*** INPUT DATA ***
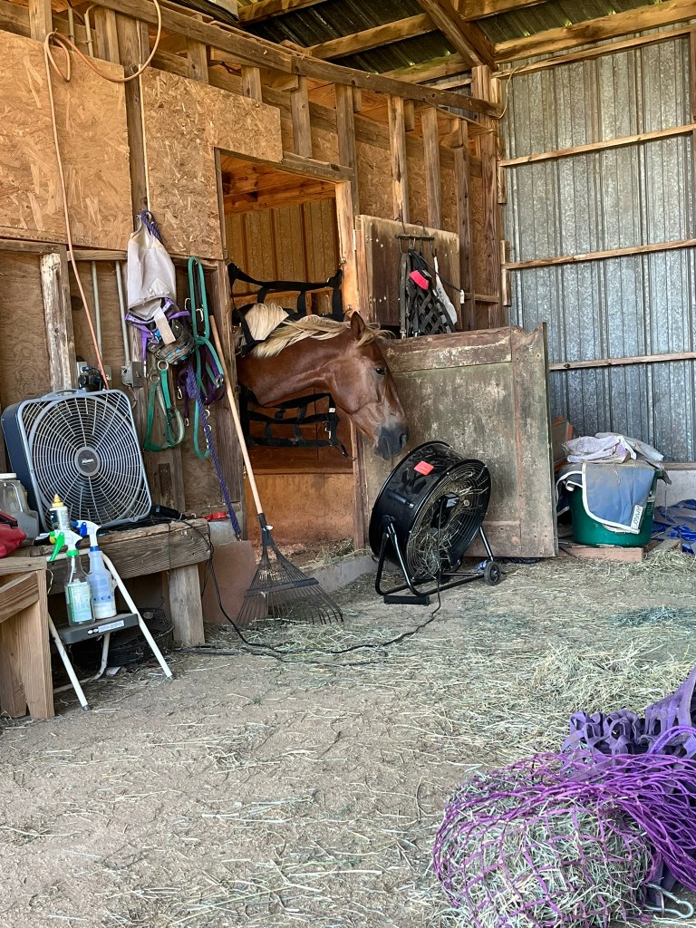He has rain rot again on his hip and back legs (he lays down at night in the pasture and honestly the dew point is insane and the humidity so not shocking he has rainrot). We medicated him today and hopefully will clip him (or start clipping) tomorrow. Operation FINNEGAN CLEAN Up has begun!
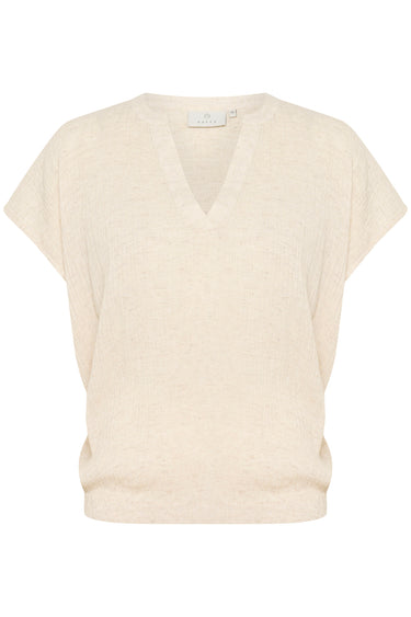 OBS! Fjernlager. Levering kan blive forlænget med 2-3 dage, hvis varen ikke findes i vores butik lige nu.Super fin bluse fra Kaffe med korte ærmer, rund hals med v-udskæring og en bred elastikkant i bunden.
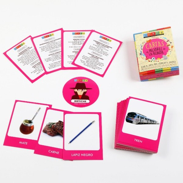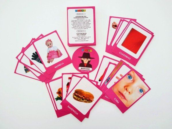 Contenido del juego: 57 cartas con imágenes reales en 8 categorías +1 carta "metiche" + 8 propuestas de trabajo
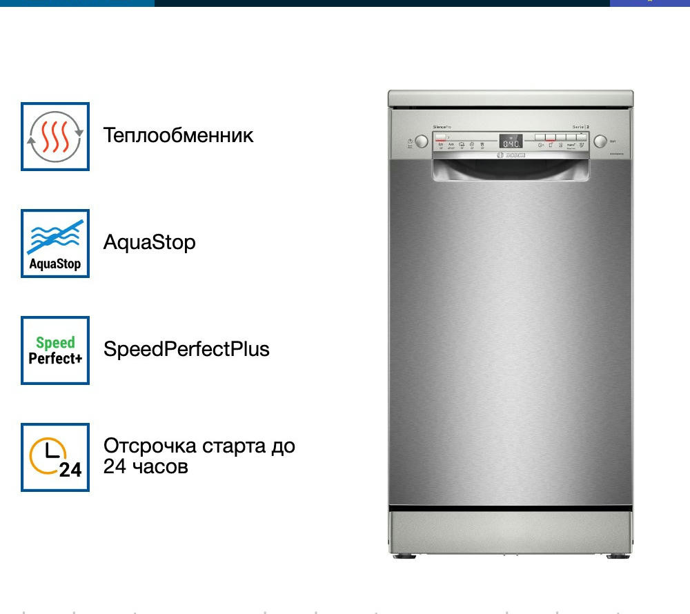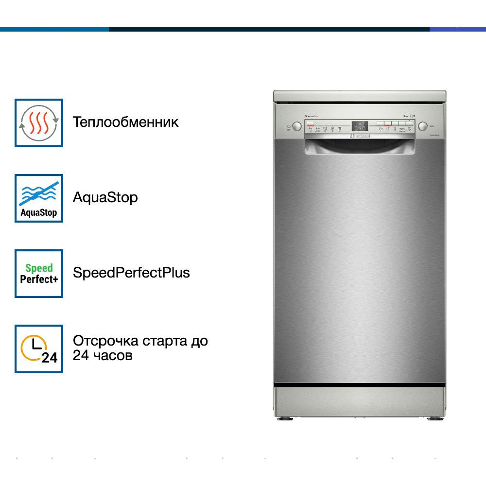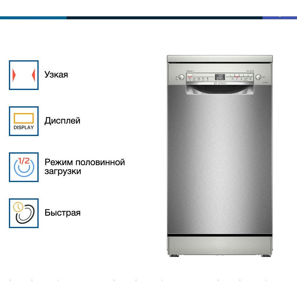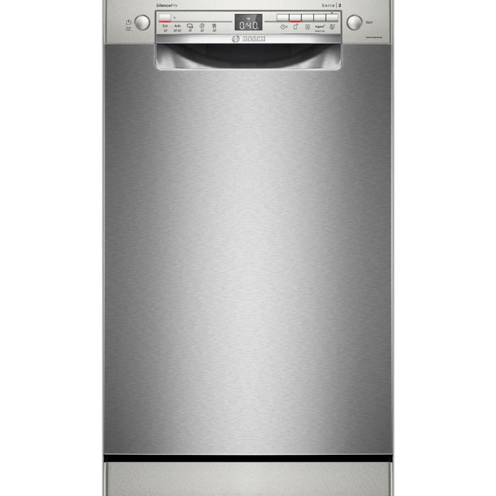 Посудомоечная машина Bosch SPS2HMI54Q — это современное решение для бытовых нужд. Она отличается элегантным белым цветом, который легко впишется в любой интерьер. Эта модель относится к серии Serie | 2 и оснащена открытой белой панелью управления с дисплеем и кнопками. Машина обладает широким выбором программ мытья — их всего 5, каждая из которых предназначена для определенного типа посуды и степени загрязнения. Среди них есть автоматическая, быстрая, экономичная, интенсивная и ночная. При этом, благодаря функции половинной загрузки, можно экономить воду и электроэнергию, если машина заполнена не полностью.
*** End of INPUT DATA ***
*** INPUT DATA ***
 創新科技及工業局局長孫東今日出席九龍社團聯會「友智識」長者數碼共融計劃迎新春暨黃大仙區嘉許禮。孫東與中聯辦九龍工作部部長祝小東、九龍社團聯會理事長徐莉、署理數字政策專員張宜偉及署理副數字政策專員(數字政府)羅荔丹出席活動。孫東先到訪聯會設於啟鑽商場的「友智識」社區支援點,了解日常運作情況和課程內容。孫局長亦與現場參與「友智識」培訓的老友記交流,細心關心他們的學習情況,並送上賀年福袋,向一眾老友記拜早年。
*** End of INPUT DATA ***
→ WHAT YOU HAVE TO DO
Copy out exactly the lines above beginning with the line that contains "Contenido del juego: 57" and finishing with the line that contains "Посудомоечная машина Bosch", including both; leave the pictures out.

→ RESPONSE BOX
 Contenido del juego: 57 cartas con imágenes reales en 8 categorías +1 carta "metiche" + 8 propuestas de trabajo
 Посудомоечная машина Bosch SPS2HMI54Q — это современное решение для бытовых нужд. Она отличается элегантным белым цветом, который легко впишется в любой интерьер. Эта модель относится к серии Serie | 2 и оснащена открытой белой панелью управления с дисплеем и кнопками. Машина обладает широким выбором программ мытья — их всего 5, каждая из которых предназначена для определенного типа посуды и степени загрязнения. Среди них есть автоматическая, быстрая, экономичная, интенсивная и ночная. При этом, благодаря функции половинной загрузки, можно экономить воду и электроэнергию, если машина заполнена не полностью.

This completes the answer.